Preliminaries

The function histogram() is used to study the distribution of a numerical variable. It comes from the lattice package for statistical graphics, which is pre-installed with every distribution of R. Also, package tigerstats depends on lattice, so if you load tigerstats:

require(tigerstats)

then lattice will be loaded as well. If you don’t plan to use tigerstats but you want to use the function histogram(), then make sure you load lattice:

require(lattice)

Note: If you are not working with the R Studio server hosted by Georgetown College, then you will need to install tigerstats on your own machine. You can get the current version from Github by first installing the devtools package from the CRAN repository, and then running the following commands in a fresh R session:

require(devtools)
install_github(repo="homerhanumat/tigerstats")

In this tutorial we will also use a function from the mosaic package, so let’s make sure it is loaded:

require(mosaic)

One Numerical Variable

In the m11survey data frame from the tigerstats package, suppose that you want to study the distribution of fastest, the fastest speed one has ever driven. You can do so with the following command:

histogram(~fastest,data=m111survey,
       type="density",
       xlab="speed (mph)",
       main="Fastest Speed Ever Driven")

Note the use of:

Controlling Breaks

One of the most important ways to customize a histogram is to to set your own values for the left and right-hand boundaries of the rectangles.

In order to accomplish this, you should first know the range of your data values. You can find this quickly using the favstats() function from package mosaic:

favstats(~fastest,data=m111survey)
##  min   Q1 median    Q3 max     mean      sd  n missing
##   60 90.5    102 119.5 190 105.9014 20.8773 71       0

The minimum fastest speed is 60 mph, and the maximum fastest speed is 190 mph.

One possible choice for rectangle boundaries is to have the left-most rectangle begin at sixty, and then have each rectangle be 10 mph wide at the base, finally reaching a rectangle that ends at 190 mph. In other words, we want the rectangle boundaries to be:

\[60,70,80,90,100,110,120,130,140,150,160,170,280,190.\]
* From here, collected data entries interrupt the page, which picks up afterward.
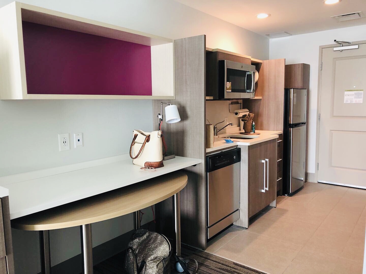 - ADA Compliance – the fixtures and switches were all at a height that would be comfortably within reach of an individual in a chair and the desk space and “dining table” both had proper space to roll under comfortably. There is proper space for both radial turns and t-shaped turns for wheelchair users.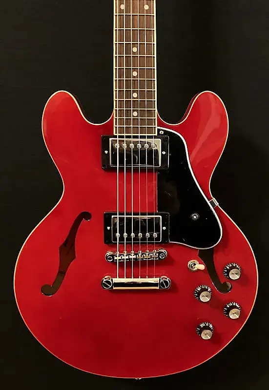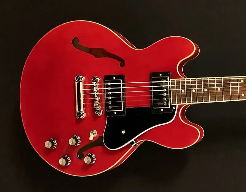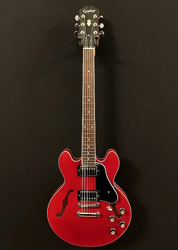Вишня, полуполый многослойный корпус из клена с кленовым центральным блоком, закругленный гриф из красного дерева в форме буквы C, накладка из индийского лавра с переплетенным радиусом 12 дюймов с инкрустациями в виде жемчужных точек и средними ладами джамбо, длина мензуры 24,75 дюйма, ширина порожка 1,69 дюйма, Epiphone Alnico Классические датчики Pro для бриджа и грифа, 3-позиционный тумблер с регуляторами громкости и тембра для каждого датчика, бридж и задняя стамеска Epiphone LockTone tune-o-matic, колки Grover Rotomatic, вес 3,6 кг, чехол в комплект не входит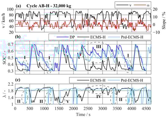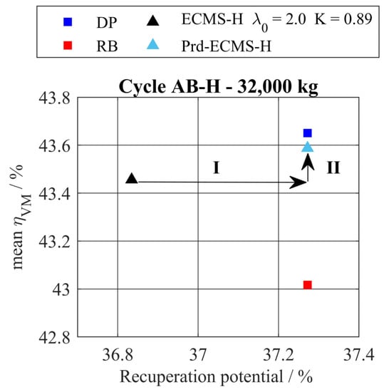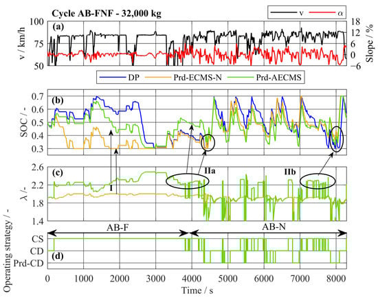 The SOC trajectory and the chosen operating strategy is displayed in Figure 24 for an extract of the driving cycle AB-FNF. In Figure 24a, the change of height profile and a corresponding change in the speed profile can be observed. While the vehicle speed is constant and the height profile is flat at the beginning (AB-F), it changes to a fluctuating height and speed profile in the section of AB-N. In Figure 24d, the chosen operating strategy of the Prd-AECMS is plotted. If a flat driving cycle is detected by the DCR, a value of 2.5 is chosen to create a CS operating strategy. If a hilly driving cycle is recognized, a value of 2.0 is selected, which leads to a CD operating strategy. A predictive discharge of the battery is labelled as Prd-CD. In Figure 24b, it is shown that the operation strategy of the Prd-AECMS leads to a similar SOC trajectory as the one of DP. The Prd-ECMS-N, which only uses PBDis but no DCR, leads to a CD operating strategy in the first half of the shown extract of the cycle AB-FNF (I). The Prd-AECMS is able to create a CS operating strategy due to switching conditions realized by the DCR. In the second half, it can be observed that the detection of the driving cycle by the DCR is sensitive. This sensitivity results in a CS operation strategy where a CD operation strategy is required. A too-late switch from a CS to a CD operating strategy (IIa) and the sensitivity (IIb) lead to a reduction of recuperation potential. Even the PBDis function cannot deplete the battery completely before the long downhill driving situation. This explains the negative impact on the recuperation potential for a high vehicle mass. The sensitivity of the DCR results from short sections of the driving cycle AB-N, where the speed profile and height profile are similar to driving cycle AB-F. A longer predictive horizon cloud reduces the sensitivity on this specific cycle. However, parameter variations have shown that a longer predictive horizon would reduce the effectiveness for a majority of other vehicle masses and cycles.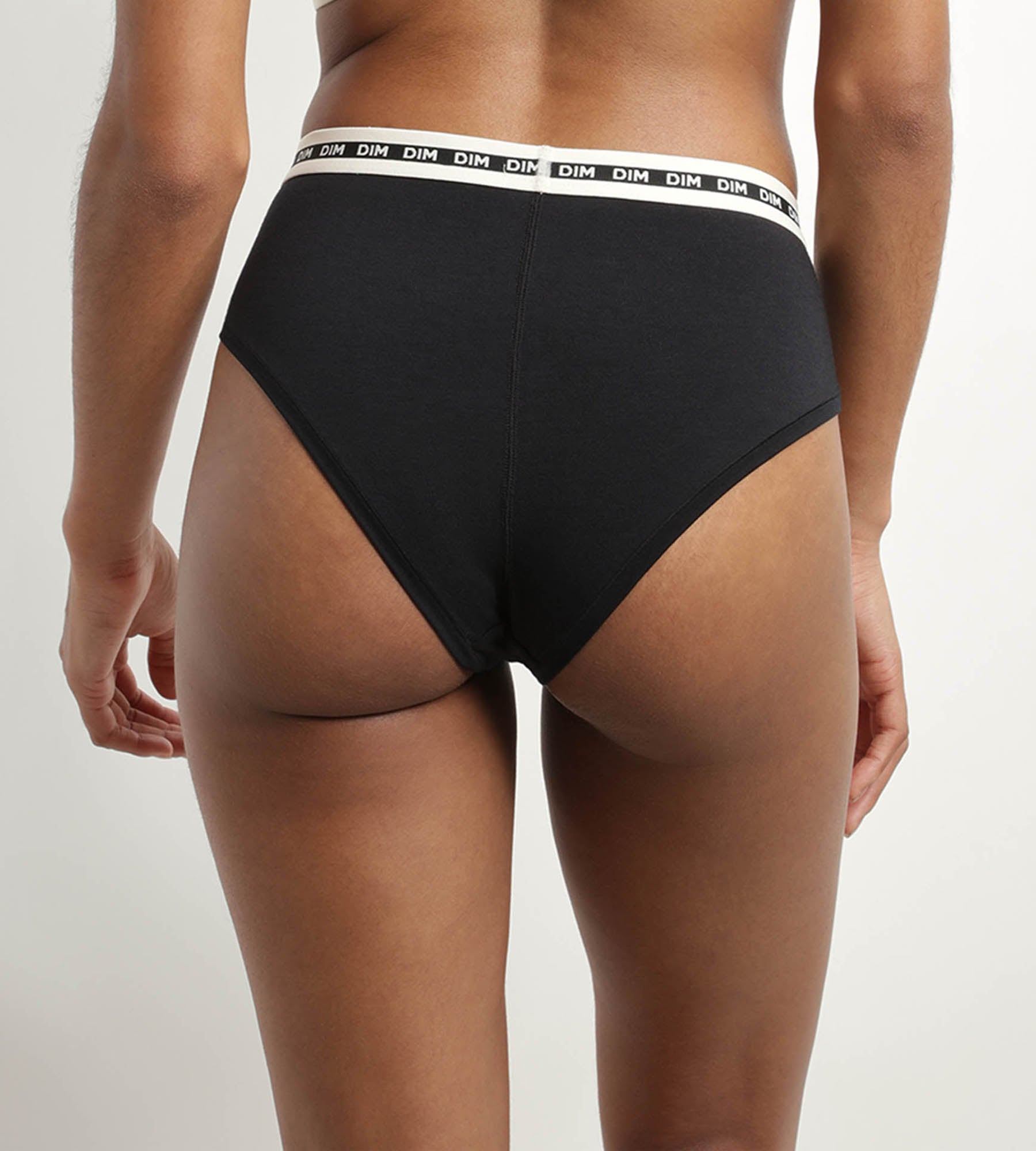 Constructed with ultra-soft plain black modal cotton and light, your Dim Icon shorty is very enveloping, highlights your hips with confidence and above all, with ease!We love the Beige waistband, punctuated by a black stripe by Dim: your cotton shorty is a rather versatile basic, but undeniably modern. Discover the Dim Icon Essentiel collection composed of Women’s knickers & Underwear, Wireless Bras, Women’s Brassieres and wear a timeless style!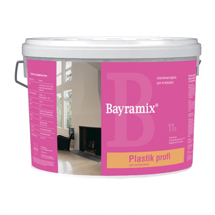Краска Байрамикс Пластик Профи представляет собой эластичную акриловую интерьерную краску для высококачественной отделки жилых помещений. Если Вы еще раздумываете над тем, какую краску для стен выбрать, советуем присмотреться к Plastic Profi от Bayramix. Эта влагостойкая, эластичная интерьерная краска не дает трещин и великолепно ложится на поверхность, образуя гладкую плёнку. Благодаря хорошей степени растяжения краска, натягиваясь, скрывает микротрещины и не дает образовываться новым. Краска экологически чистая и практически без запаха.
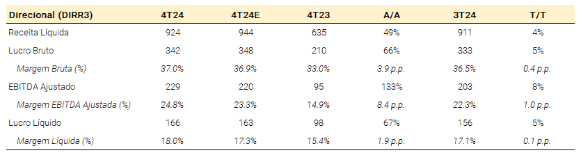 A Direcional reportou fortes resultados no 4T24. Os principais destaques incluem: (i) sólido crescimento da receita líquida de 46% A/A, suportado por um significativo crescimento de vendas líquidas; (ii) a receita de backlog aumentou 10% T/T, reforçando as expectativas positivas para o crescimento da receita em 2025; (iii) a margem bruta aumentou para 37,0% (+0,5 p.p. T/T e +0,2 p.p. em relação às nossas estimativas); (iv) a margem de backlog expandiu para 43. 9% (+50 bps T/T), indicando uma forte rentabilidade à frente; (v) o lucro líquido ajustado atingiu R$166 milhões (+69% YoY e +2% vs. XPe), resultando num notável aumento do ROE para 33%; e (vi) o indicador Dívida líquida/PL diminuiu para -3,1%, suportado por uma sólida geração de caixa, que acreditamos que permitirá o pagamento de dividendos substanciais em 2025.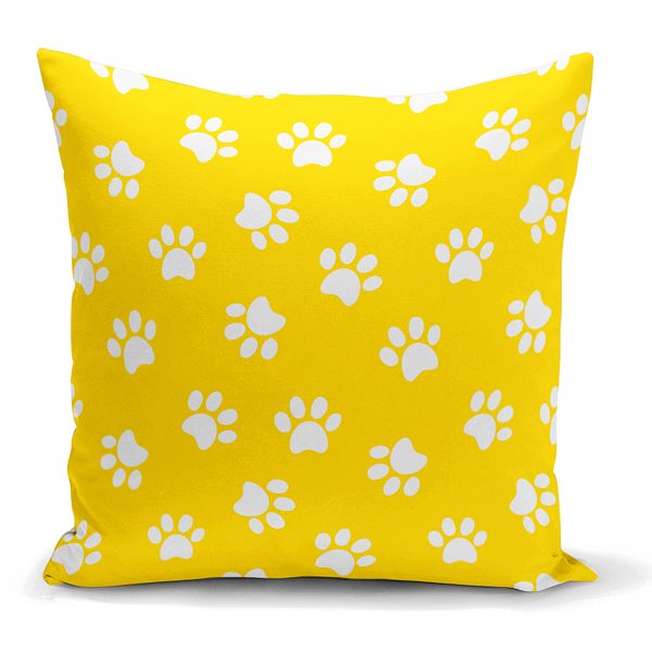 Sarı Zeminli Pati Resimli Dijital Baskılı Dekoratif Kırlent Kılıfı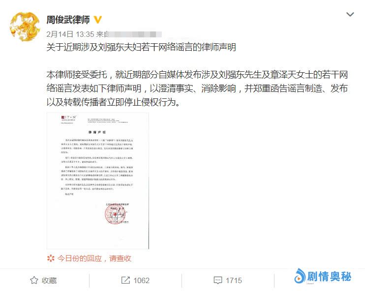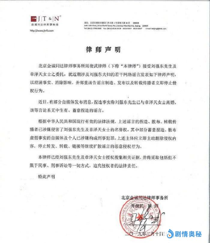 刘强东章泽天离婚?权威律师晒出声明,道出真实情,对此你有什么看法?欢迎留言!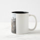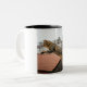Embark on a feline adventure with our two-tone ceramic mug featuring a daring cat leaping from rooftop to rooftop.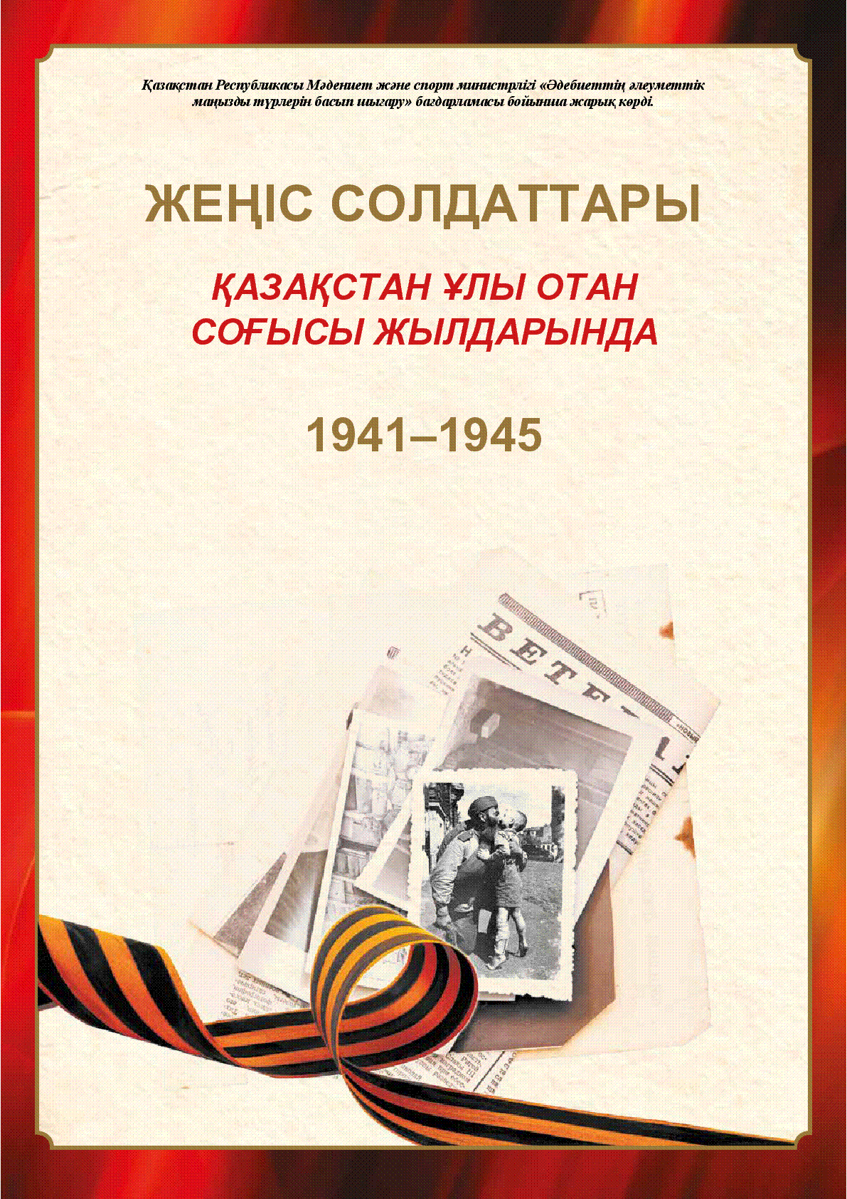 Жеңіс сарбаздары. Қазақстан Ұлы Отан соғысы жылдарында 1941-1945 [Мәтін] / ; ҚР Мәдениет және спорт мин-гі... – [Б. о. ж.] : [б. ж.], 2015. - 181 б., суретті; - Қазақстан Республикасы Мәдениет және спорт министрлігі "Әдеби әлеуметтік маңызды түрлерін басып шығару" бағдарламасы бойынша жарық көрді . . – 2000 дана – 978-601-7059-29-3 (мұқ.) : 2507, 5 тг.

These numbers will be the “breaks” for the rectangles in our histogram. We can set these breaks by putting them, as a list, into the breaks argument of the histogram() function, as follows:

histogram(~fastest,data=m111survey,
       type="density",
       xlab="speed (mph)",
       main="Fastest Speed Ever Driven",
       breaks=c(60,70,80,90,100,110,120,130,
                140,150,160,170,180,190))

You can accomplish the same thing with less typing, if you make use of the seq() function:

histogram(~fastest,data=m111survey,
       type="density",
       xlab="speed (mph)",
       main="Fastest Speed Ever Driven",
       breaks=seq(from=60,to=190,by=10))

Numerical and Factor Variable

Suppose you want to know:

Who tends to drive faster: guys or gals?

Then you might wish to study the relationship between the numerical variable fastest and the factor variable sex. You can use histograms in order to perform such a study.

Try this code:

histogram(~fastest|sex,data=m111survey,
       type="density",
       xlab="speed (mph)",
       main="Fastest Speed Ever Driven,\nby Sex",
       breaks=seq(from=60,to=190,by=10))

Note that to produce side-by-side histograms, you “condition” on the factor variable with the formula:

\[\sim numerical \vert factor\]

Note also the use of “\n” to split the title into two lines: this is a useful trick when the title is long.

You can also adjust the layout of the separate panels to your liking:

histogram(~fastest|sex,data=m111survey,
       type="density",
       xlab="speed (mph)",
       main="Fastest Speed Ever Driven,\nby Sex",
       breaks=seq(from=60,to=190,by=10),
       layout=c(1,2))